YOUR INSTRUCTIONS: Omit images. Retype all entries verbatim.

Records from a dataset
========================

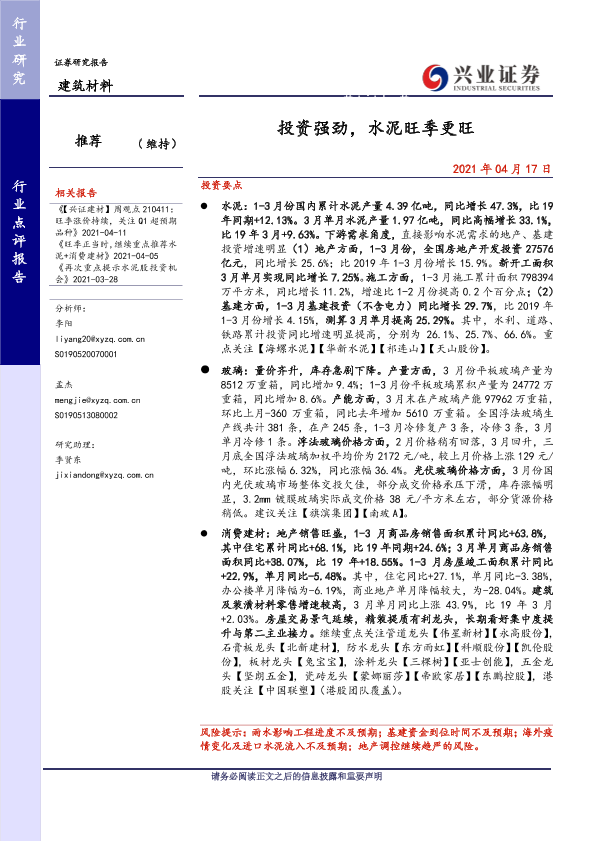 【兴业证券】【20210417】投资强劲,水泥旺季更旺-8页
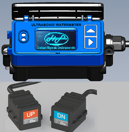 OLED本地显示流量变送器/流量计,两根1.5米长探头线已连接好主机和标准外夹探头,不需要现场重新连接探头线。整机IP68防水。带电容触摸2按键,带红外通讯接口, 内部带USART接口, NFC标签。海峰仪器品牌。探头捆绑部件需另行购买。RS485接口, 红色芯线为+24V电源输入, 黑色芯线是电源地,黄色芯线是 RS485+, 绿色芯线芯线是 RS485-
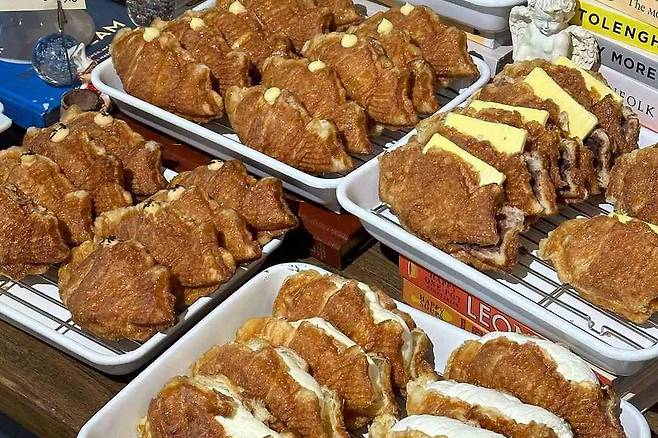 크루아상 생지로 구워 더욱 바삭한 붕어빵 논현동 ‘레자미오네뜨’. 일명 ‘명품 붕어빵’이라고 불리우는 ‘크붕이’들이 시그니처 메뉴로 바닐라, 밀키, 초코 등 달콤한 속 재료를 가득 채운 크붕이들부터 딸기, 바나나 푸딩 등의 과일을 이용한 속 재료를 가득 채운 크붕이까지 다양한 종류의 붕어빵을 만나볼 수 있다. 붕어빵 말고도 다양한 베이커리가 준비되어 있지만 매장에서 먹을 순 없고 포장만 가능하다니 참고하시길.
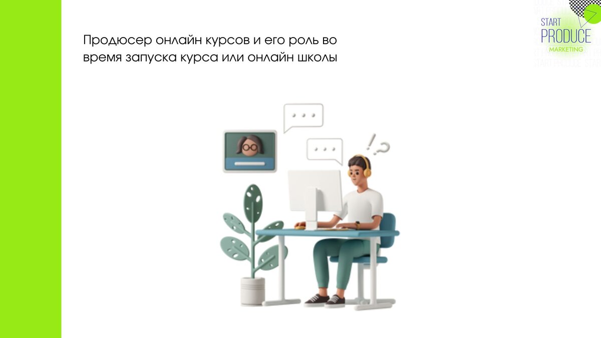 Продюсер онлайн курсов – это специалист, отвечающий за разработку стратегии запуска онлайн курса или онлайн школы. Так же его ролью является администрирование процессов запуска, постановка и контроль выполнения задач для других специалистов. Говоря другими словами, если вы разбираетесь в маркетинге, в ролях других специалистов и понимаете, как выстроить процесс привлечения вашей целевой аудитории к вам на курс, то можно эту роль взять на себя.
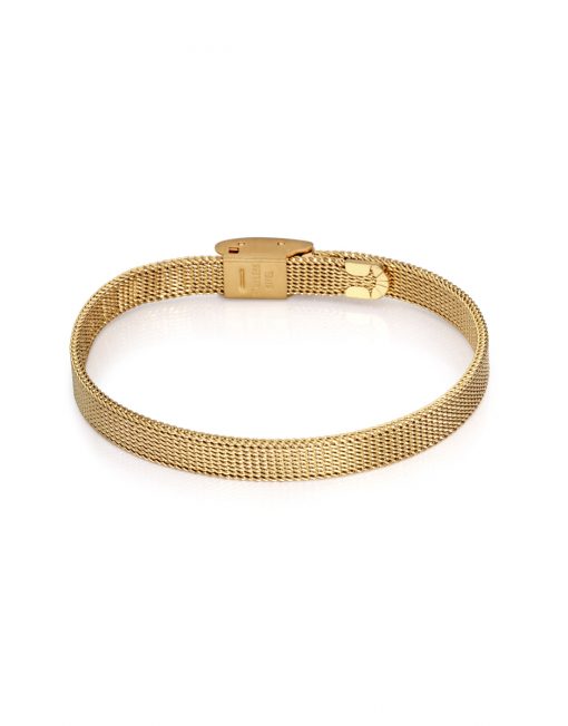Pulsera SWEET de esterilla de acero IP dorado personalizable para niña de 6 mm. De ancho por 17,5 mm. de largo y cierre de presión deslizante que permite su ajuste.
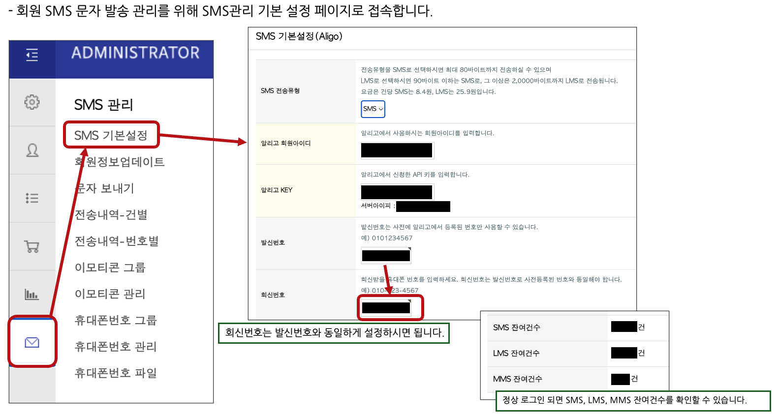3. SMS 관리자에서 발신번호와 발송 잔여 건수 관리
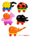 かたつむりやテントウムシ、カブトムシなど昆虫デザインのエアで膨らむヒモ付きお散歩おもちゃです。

========================

WRITTEN REPLY:
 【兴业证券】【20210417】投资强劲,水泥旺季更旺-8页
 OLED本地显示流量变送器/流量计,两根1.5米长探头线已连接好主机和标准外夹探头,不需要现场重新连接探头线。整机IP68防水。带电容触摸2按键,带红外通讯接口, 内部带USART接口, NFC标签。海峰仪器品牌。探头捆绑部件需另行购买。RS485接口, 红色芯线为+24V电源输入, 黑色芯线是电源地,黄色芯线是 RS485+, 绿色芯线芯线是 RS485-
 크루아상 생지로 구워 더욱 바삭한 붕어빵 논현동 ‘레자미오네뜨’. 일명 ‘명품 붕어빵’이라고 불리우는 ‘크붕이’들이 시그니처 메뉴로 바닐라, 밀키, 초코 등 달콤한 속 재료를 가득 채운 크붕이들부터 딸기, 바나나 푸딩 등의 과일을 이용한 속 재료를 가득 채운 크붕이까지 다양한 종류의 붕어빵을 만나볼 수 있다. 붕어빵 말고도 다양한 베이커리가 준비되어 있지만 매장에서 먹을 순 없고 포장만 가능하다니 참고하시길.
 Продюсер онлайн курсов – это специалист, отвечающий за разработку стратегии запуска онлайн курса или онлайн школы. Так же его ролью является администрирование процессов запуска, постановка и контроль выполнения задач для других специалистов. Говоря другими словами, если вы разбираетесь в маркетинге, в ролях других специалистов и понимаете, как выстроить процесс привлечения вашей целевой аудитории к вам на курс, то можно эту роль взять на себя.
Pulsera SWEET de esterilla de acero IP dorado personalizable para niña de 6 mm. De ancho por 17,5 mm. de largo y cierre de presión deslizante que permite su ajuste.
3. SMS 관리자에서 발신번호와 발송 잔여 건수 관리
 かたつむりやテントウムシ、カブトムシなど昆虫デザインのエアで膨らむヒモ付きお散歩おもちゃです。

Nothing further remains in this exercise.